Our review of the plea hearing reveals that the district court substantially complied with Rule 11 in conducting the plea colloquy and that any minor omissions by the court did not affect Hamilton’s substantial rights. The available record does not support Hamilton’s assertion that he did not comprehend the charge to which he pled. Thus, we conclude the district court did not plainly err in finding Hamilton’s plea knowing and voluntary.
Counsel next questions whether the district court erred in calculating the amount of loss attributed to Hamilton to establish his Guidelines range. Typically, factual determinations made during sentencing are reviewed for clear error. United States v. Strieper, 666 F.3d 288, 292 (4th Cir.2012). However, because Hamilton did not object to the loss calculation in the district court, we review the issue for plain error. Id.; see Olano, 507 U.S. at 732, 113 S.Ct. 1770 (standard).
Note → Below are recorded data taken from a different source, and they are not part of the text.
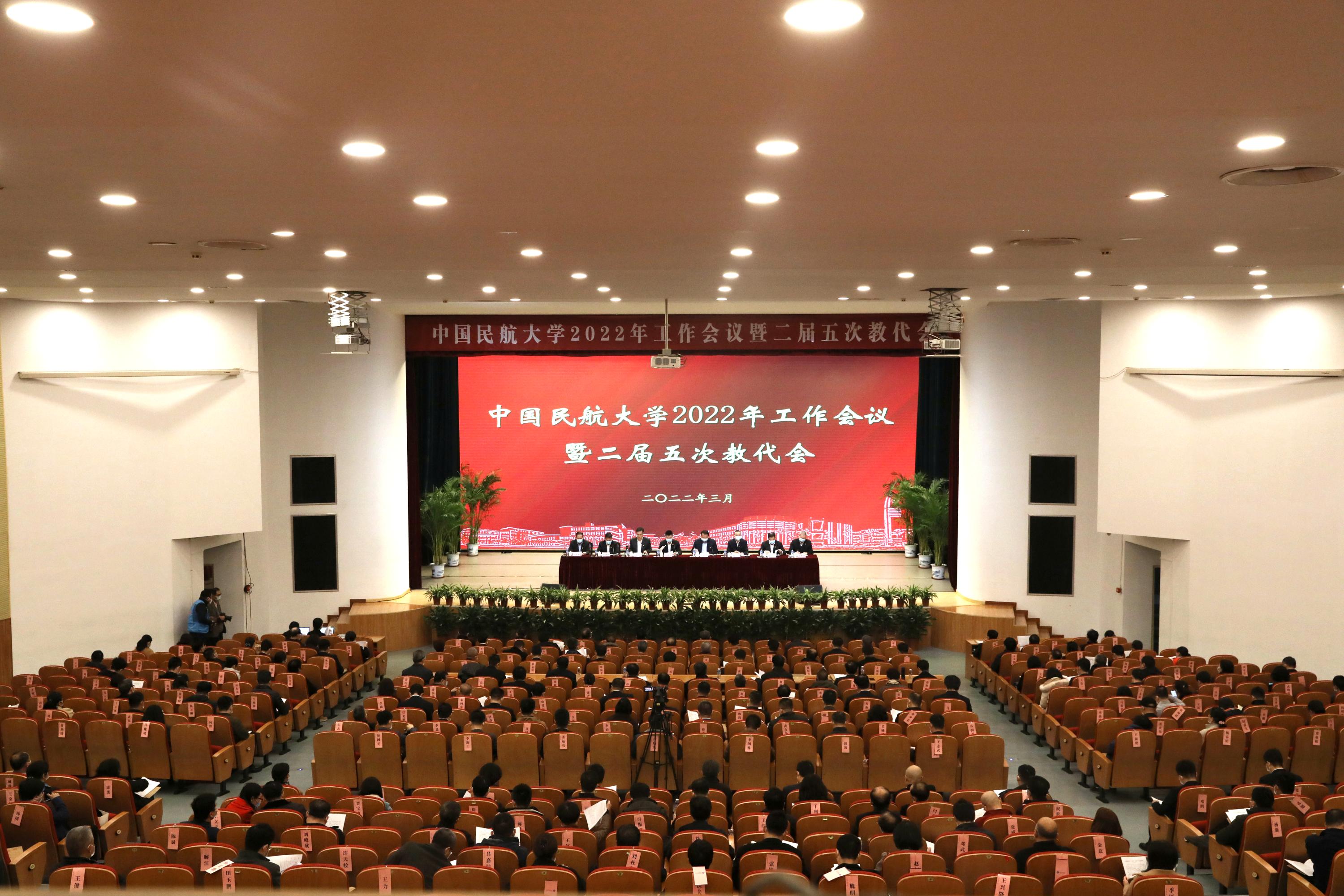 本网讯 3月11日,中国民航大学2022年工作会议暨二届五次教代会在北区礼堂召开。会议传达了2022年全国民航工作会议、全国民航安全工作会议、全国教育工作会议、天津市教育工作会议精神,校党委书记曹胜利讲话,校长丁水汀总结2021年主要工作,并对2022年重点工作进行部署,副校长白杰主持会议,副校长杨虎,校党委副书记赵洪海、徐政华,校党委常委王志强、葛维建出席。全体处级以上干部、二三级岗教师及省部级以上人才、民主党派主委,第二届教代会代表参加会议。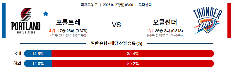포틀랜드 대 오클라호마 NBA 01일27일 맞대결 생중계, 스포츠중계, 스포츠분석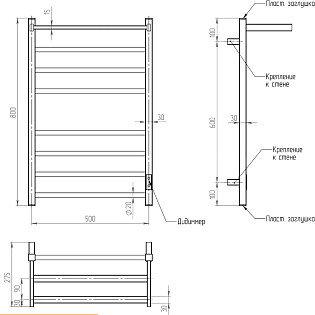 Полотенцесушитель электрический 80х50 см черный Ewrika "Сафо" АС3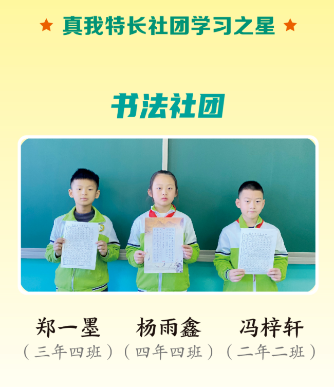 我校丰富的社团课程尽力让每位学生发展一项个人兴趣爱好,因为洒下了拼搏的汗水,所以才有今天的一骑绝尘。篮球之星在篮球场上躲避围堵、精准投篮,足球之星在足球门前带球自如,轻松射门;网球之星在网球场地上,挥拍稳健,脚步灵活;古筝之星指尖流淌出动听的旋律,架子鼓之星鼓槌击打出铿锵的节奏,绘画之星笔下的绘画形象栩栩如生……获得2021-2022学年度第一学期“真我特长社团学习之星”的学生是:
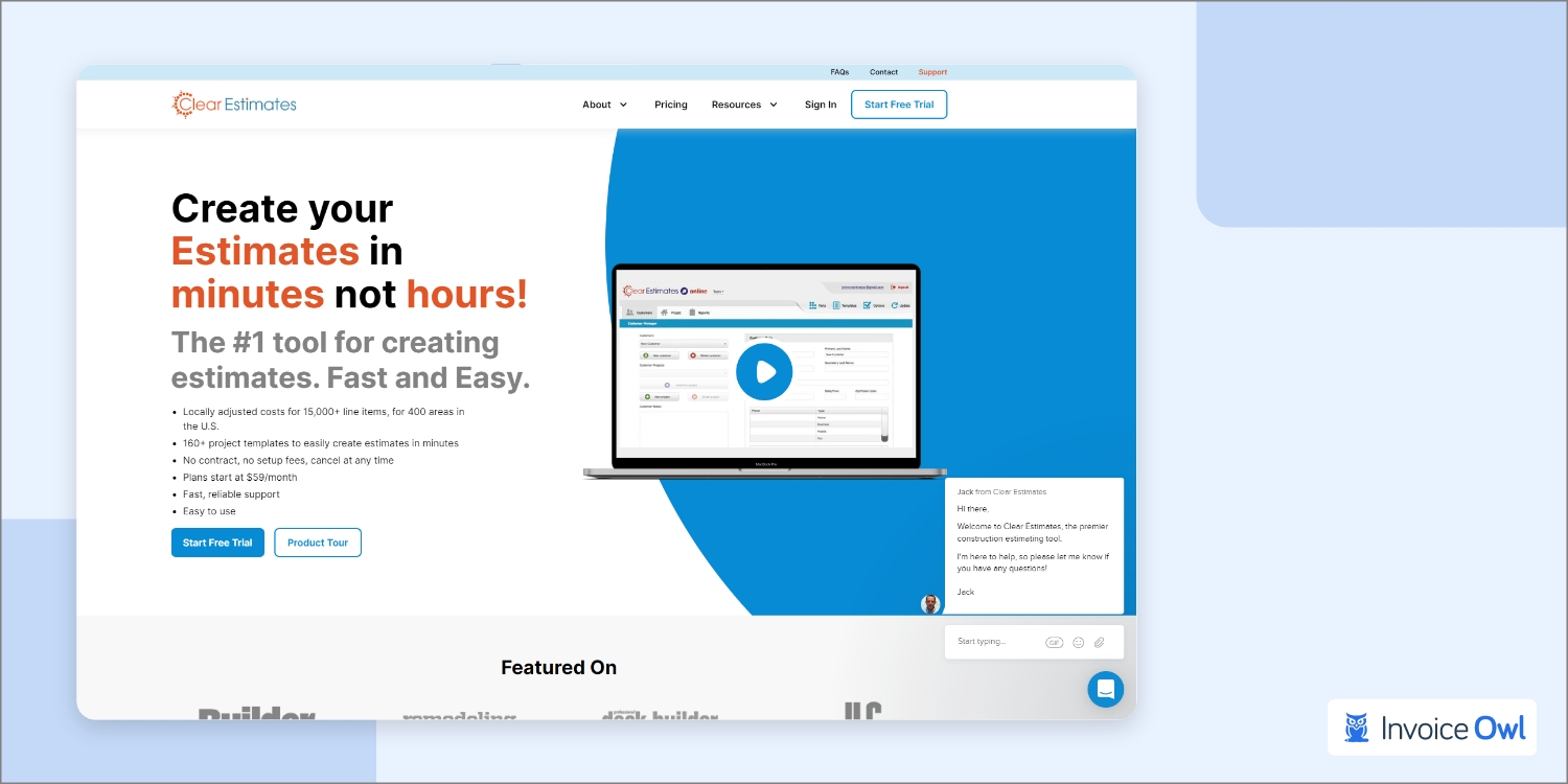Clear Estimates is an excellent option if you are interested in a platform primarily concerned with estimates. Its subscription plan starts at just $59/month and is affordable for small-scale flooring contractors.

When calculating a Guidelines range applicable to a fraud offense, the government is required to establish the amount of loss by a preponderance of the evidence. See United States v. Miller, 316 F.3d 495, 503 (4th Cir.2003). “[T]he court need only make a reasonable estimate of the loss.” United States v. Cloud, 680 F.3d 396, 409 (4th Cir.) (internal quotation marks omitted), ce rt. denied, — U.S. —, 133 S.Ct. 218, 184 L.Ed.2d 112 (2012); USSG § 2B1.1 cmt. n. 3(C). Generally, “loss is the greater of actual loss or intended loss.” USSG § 2B1.1 cmt. n. 3(A).
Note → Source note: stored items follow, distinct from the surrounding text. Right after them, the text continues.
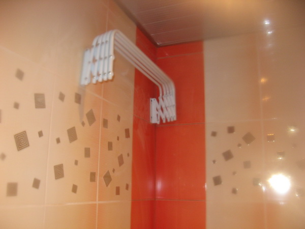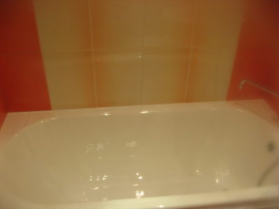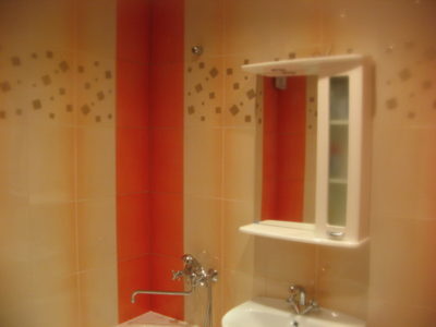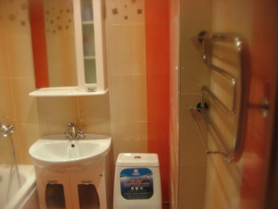 При выполнении ремонта санузла на Варшавском шоссе были использованы яркие отделочные материалы сочного оранжевого и нежного кремового цветов. Эксклюзивности интерьеру придает декоративный орнамент по верхней верхней части стены. Потолок оформлен пластиковыми панелями с вмонтированными точечными светильниками. Нетрадиционным решением стала установка складного полотенцесушителя. Акриловая ванна зашита экраном с дверцами, смонтирован умывальник с тумбой, укомплектованной стеклянными фасадами, а также установлен унитаз стандартной модели. Стоимость ремонта — 124000 руб. Цена черновых материалов — 30890 р.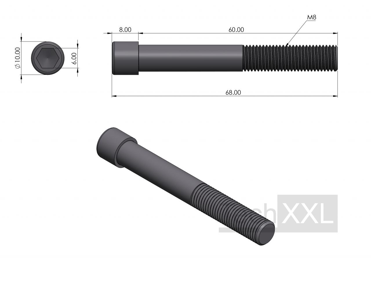 Cylindrical screw with hexagon socket DIN 912 M8x60 with special head 10mm stainless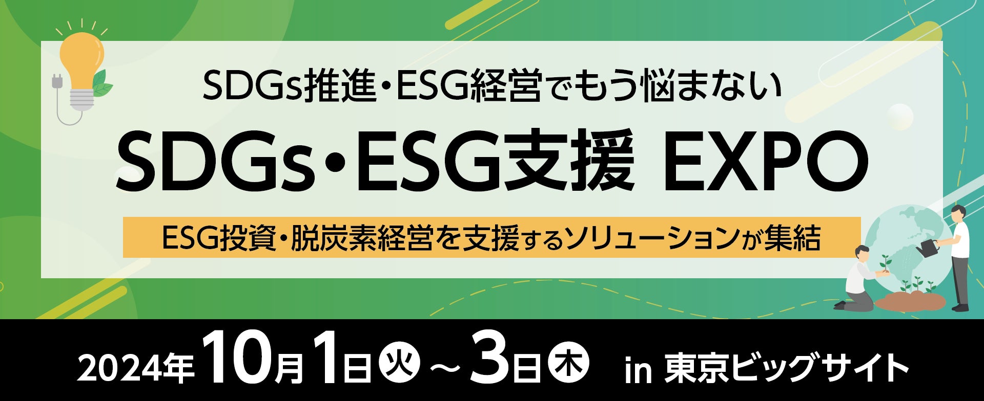 【SDGs・ESG支援 EXPO 10月1日(火)〜3日(木)】コンサル・脱炭素経営支援・省エネ設備など多様なソリューションが集結する大規模展示会を開催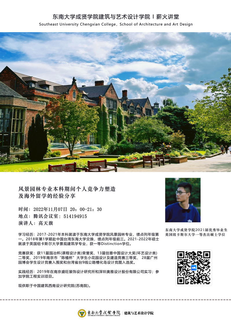 PA集团官网薪火讲堂系列讲座之一:风景园林专业本科期间个人竞争力塑造及海外留学的经验分享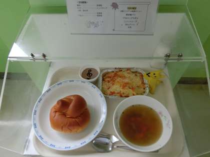 黒砂糖パン・マカロニグラタン・コンソメスープ・おんプリン・牛乳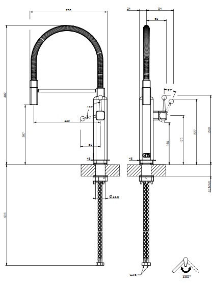 - Область поворота излива: 360°

A defendant seeking to challenge the presentence report “has an affirmative duty to make a showing that the information in the presentence report is unreliable, and articulate the reasons why the facts contained therein are untrue or inaccurate.” United States v. Terry, 916 F.2d 157, 162 (4th Cir.1990). In the absence of objections “showing the information is inaccurate, the court is free to adopt the findings of the [presentence report] without more specific inquiry or explanation.” Id. (internal quotation marks omitted); see Fed.R.Crim.P. 32(i)(3)(A) (recognizing that, at sentencing, district court “may accept any undisputed portion of the presentence report as a finding of fact”).
Here, the court’s loss calculation was based on a stipulation between the parties proffered during the sentencing hearing. Because Hamilton concurred in the Government’s request for an amendment to the Guidelines range adopting this stipulation, any sentencing erx’or based on the application of this loss amount is not properly before us. See United States v. Jackson, 124 F.3d 607, 617 (4th Cir.1997) (“[ A] court cannot be asked by counsel to take a step in a case and later be convicted of error-, because it has complied with such request.” (internal quotation marks omitted)). In any event, because Hamilton did not object to the loss calculations provided in the presentence report, the court was free to accept these calculations in impos *191 ing Hamilton’s sentence. Given that these original loss calculations established a much higher Guidelines range than that derived from the parties’ agreement, any error in accepting the lower, agreed-upon calculation did not affect Hamilton’s substantial rights. See Cloud, 680 F.3d at 411.
In accordance with Anders, we have reviewed the record in this case and have found no meritorious issues for appeal. We therefore affirm the district court’s judgment.